Stored data
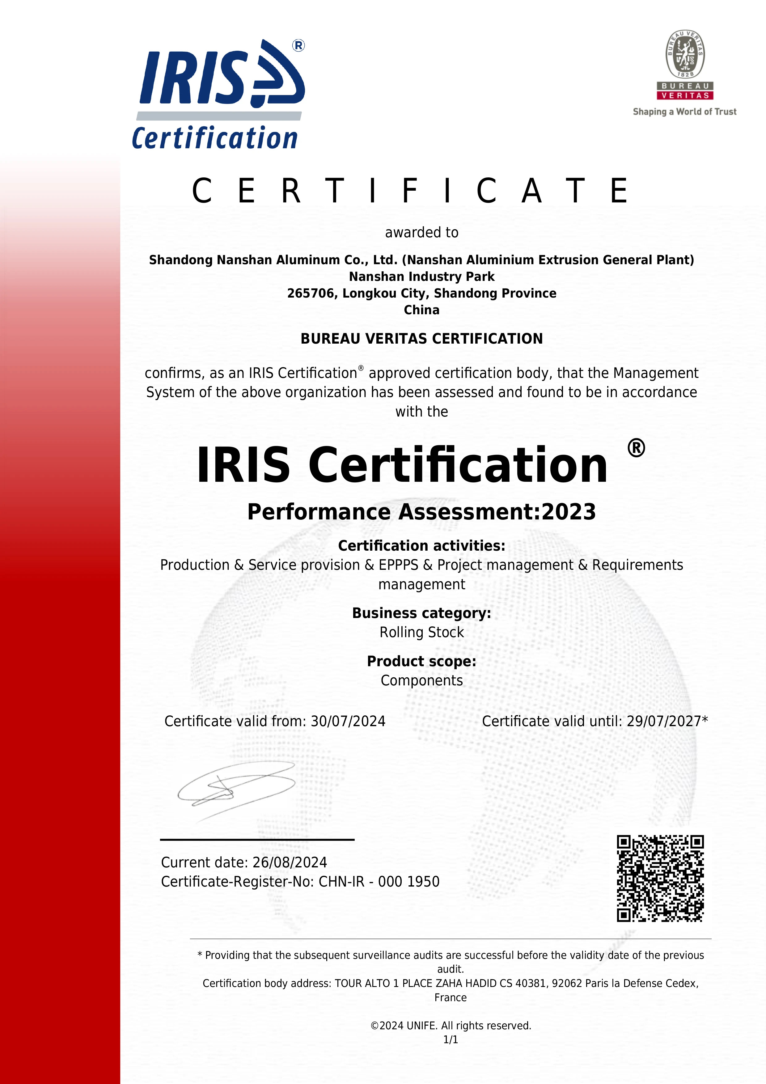 近日,南山鋁材公司順利通過BV認(rèn)證機(jī)構(gòu)審核專家對(duì)ISO22163:2023軌道交通質(zhì)量管理體系的年度監(jiān)督審核,審核結(jié)果由銅牌升級(jí)為銀牌,這標(biāo)志著南山鋁業(yè)在鐵路行業(yè)整體質(zhì)量管理、過程績(jī)效評(píng)價(jià)及顧客感知的卓越表現(xiàn)再獲國(guó)際權(quán)威認(rèn)可,進(jìn)一步提升了企業(yè)的核心競(jìng)爭(zhēng)力和品牌影響力。
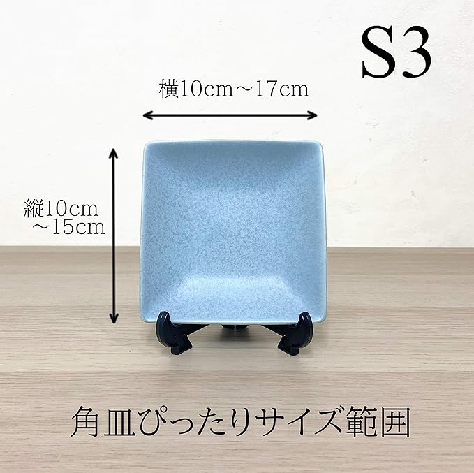 【ぴったりサイズ】直径11~15cmの丸皿、縦10〜15cm・横10〜13cmの角皿や額縁等を飾る事ができるスタンドです。
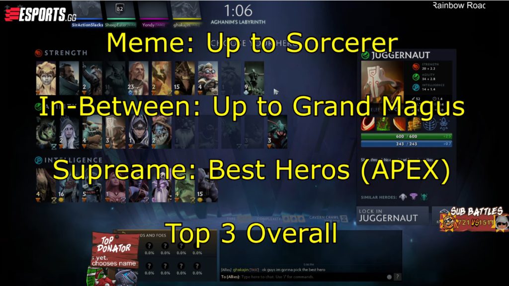 Take a look at the first category of heroes, Aghanim Labyrinth: Meme Heroes. The first category in heroes might be labeled D-tier but instead, they’ve been crowned Meme Heroes! These are the least favorable heroes to pick, but if you can make them work beyond Sorcerer then good on you!
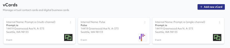 We’re excited to introduce vCards, a new feature in Prompt that lets you create and send digital contact cards directly from your account. vCards make it easy for people to save your organization’s information, recognize future messages, and keep conversations consistent, all while improving the deliverability and trustworthiness of your texts.
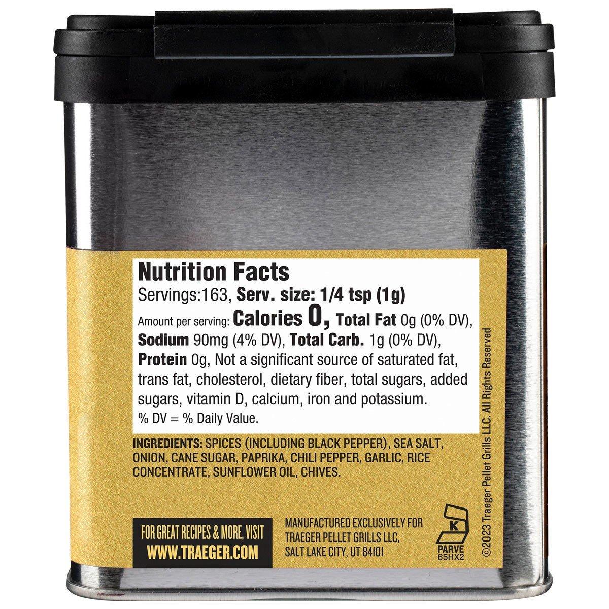 Ingredients: Spices (Including Black Pepper), Sea Salt, Onion, Cane Sugar, Paprika, Chili Pepper, Garlic, Rice Concentrate, Sunflower Oil, Chives.
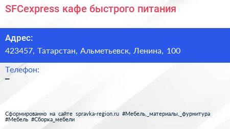 SFCexpress, кафе быстрого питания по адресу 423457, Татарстан, Альметьевск, Ленина, 100 в дальнейшем Организация, размещена в следующих категориях:

• [Exercise]
Output each line exactly as shown above; no pictures go in the copy.

• [Answer for this exercise]
 近日,南山鋁材公司順利通過BV認(rèn)證機(jī)構(gòu)審核專家對(duì)ISO22163:2023軌道交通質(zhì)量管理體系的年度監(jiān)督審核,審核結(jié)果由銅牌升級(jí)為銀牌,這標(biāo)志著南山鋁業(yè)在鐵路行業(yè)整體質(zhì)量管理、過程績(jī)效評(píng)價(jià)及顧客感知的卓越表現(xiàn)再獲國(guó)際權(quán)威認(rèn)可,進(jìn)一步提升了企業(yè)的核心競(jìng)爭(zhēng)力和品牌影響力。
 【ぴったりサイズ】直径11~15cmの丸皿、縦10〜15cm・横10〜13cmの角皿や額縁等を飾る事ができるスタンドです。
 Take a look at the first category of heroes, Aghanim Labyrinth: Meme Heroes. The first category in heroes might be labeled D-tier but instead, they’ve been crowned Meme Heroes! These are the least favorable heroes to pick, but if you can make them work beyond Sorcerer then good on you!
 We’re excited to introduce vCards, a new feature in Prompt that lets you create and send digital contact cards directly from your account. vCards make it easy for people to save your organization’s information, recognize future messages, and keep conversations consistent, all while improving the deliverability and trustworthiness of your texts.
 Ingredients: Spices (Including Black Pepper), Sea Salt, Onion, Cane Sugar, Paprika, Chili Pepper, Garlic, Rice Concentrate, Sunflower Oil, Chives.
 SFCexpress, кафе быстрого питания по адресу 423457, Татарстан, Альметьевск, Ленина, 100 в дальнейшем Организация, размещена в следующих категориях:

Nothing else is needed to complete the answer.